**What to work on**.
What you should repeat is the run of lines from the top of the listing below through the line with "原考釋者的隷定並無誤,但在此", exactly, with no pictures.

**Dataset content**.
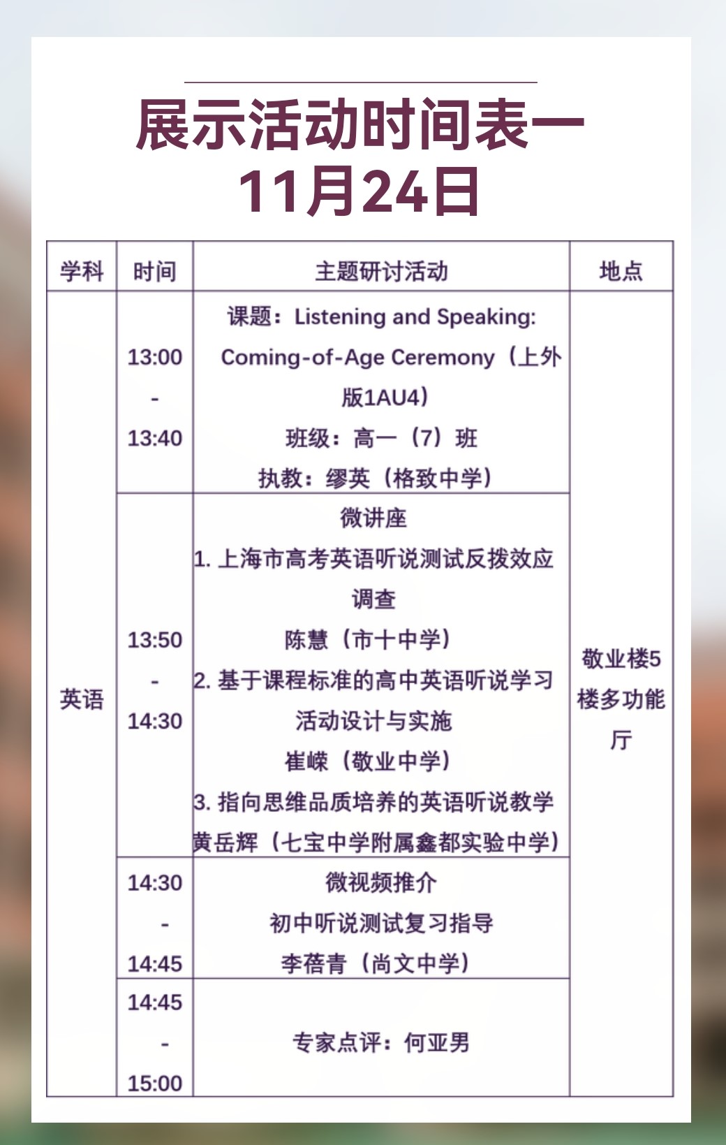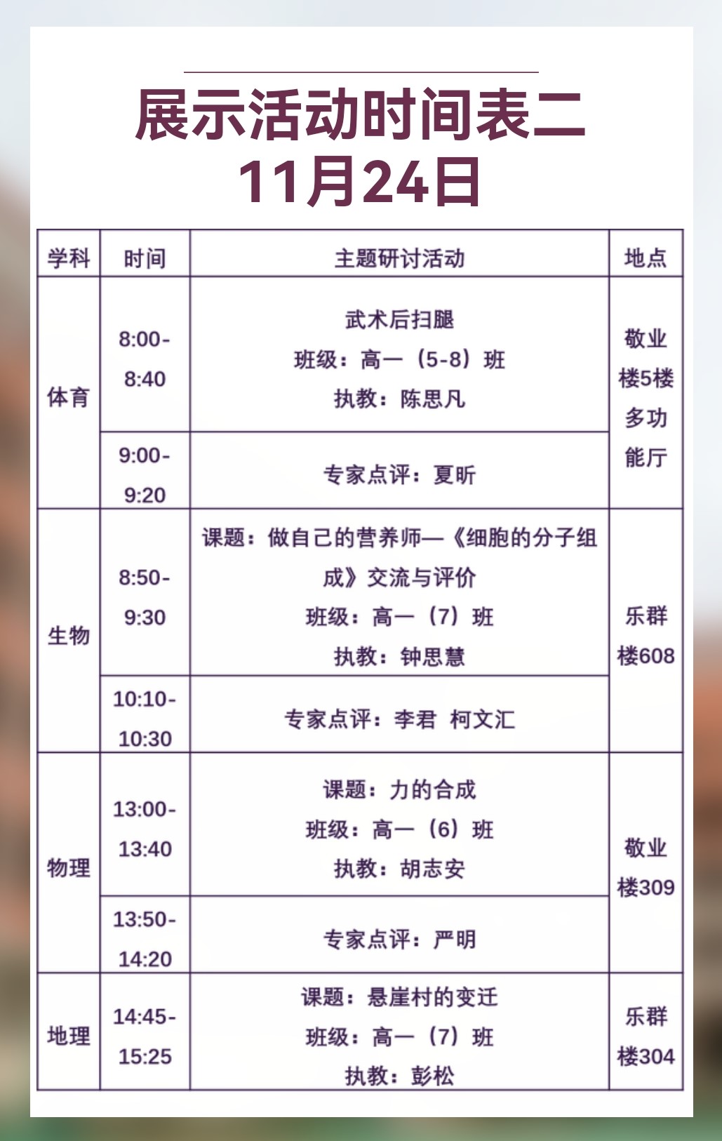 附1: 《聚焦单元教学 落实核心素养》——“双新”教学实践展示活动
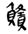 原考釋者的隷定並無誤,但在此隷定的字形基礎之上再來解釋字形,卻有很大的迷惑性,以致要在行文中加“疑”字。其實,此字毫無疑問就是“負”字。我們在不改變原有隷定字形的基礎上祇要把此字三個偏旁的位置調換一下,即把“人”形移到“貝”上,則此字就變成“
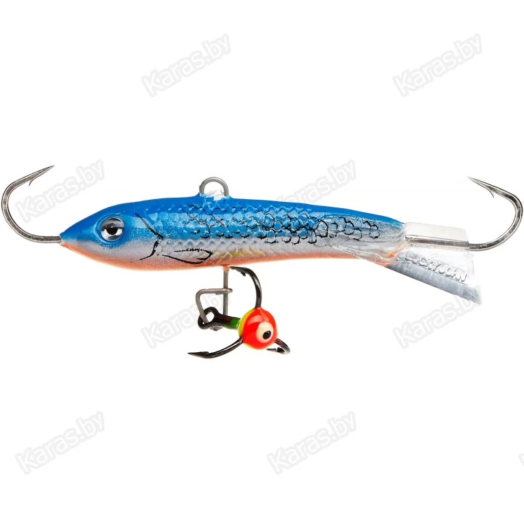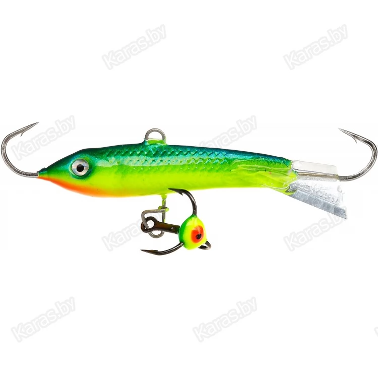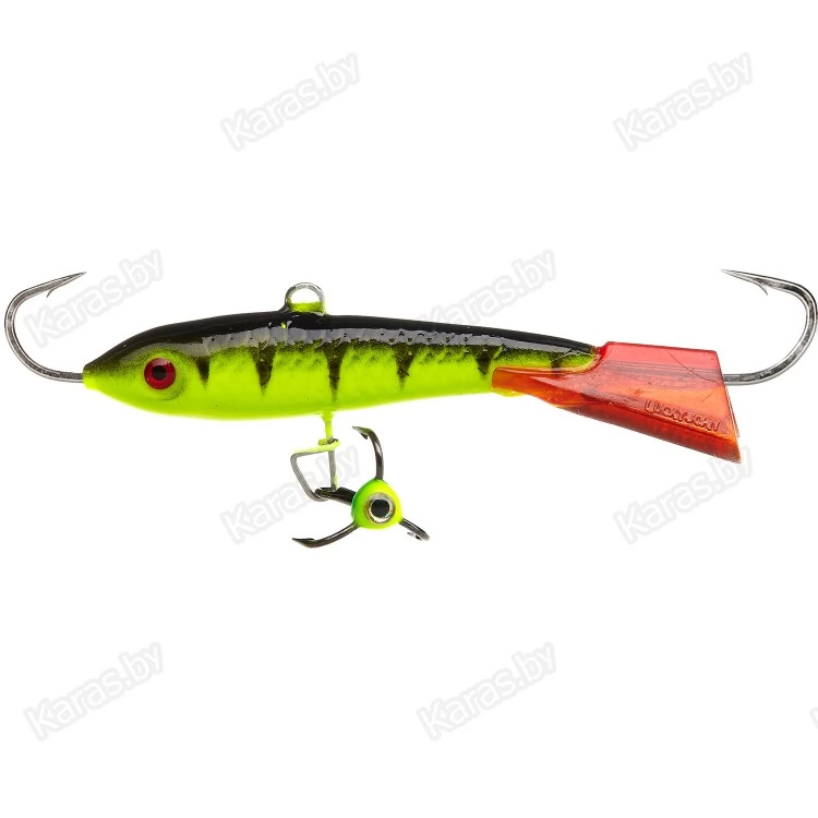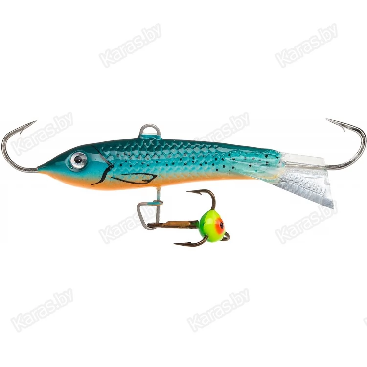 Очень востребованный балансир для ловли среднего и крупного окуня на глубинах до 7-8 метров. Длина тела приманки 50 мм. Приманка может использоваться на водоемах с небольшим течением. Оптимальный диаметр используемой лески - 0,16 - 0,20 мм, плетеного шнура - 0,09 - 0,11 мм. В зависимости от пристрастия местного хищника, можно подобрать необходимую расцветку приманки. Балансир с успехом используется также и для ловли щуки, судака и берша.

**Answer to this task**.
 附1: 《聚焦单元教学 落实核心素养》——“双新”教学实践展示活动
 原考釋者的隷定並無誤,但在此隷定的字形基礎之上再來解釋字形,卻有很大的迷惑性,以致要在行文中加“疑”字。其實,此字毫無疑問就是“負”字。我們在不改變原有隷定字形的基礎上祇要把此字三個偏旁的位置調換一下,即把“人”形移到“貝”上,則此字就變成“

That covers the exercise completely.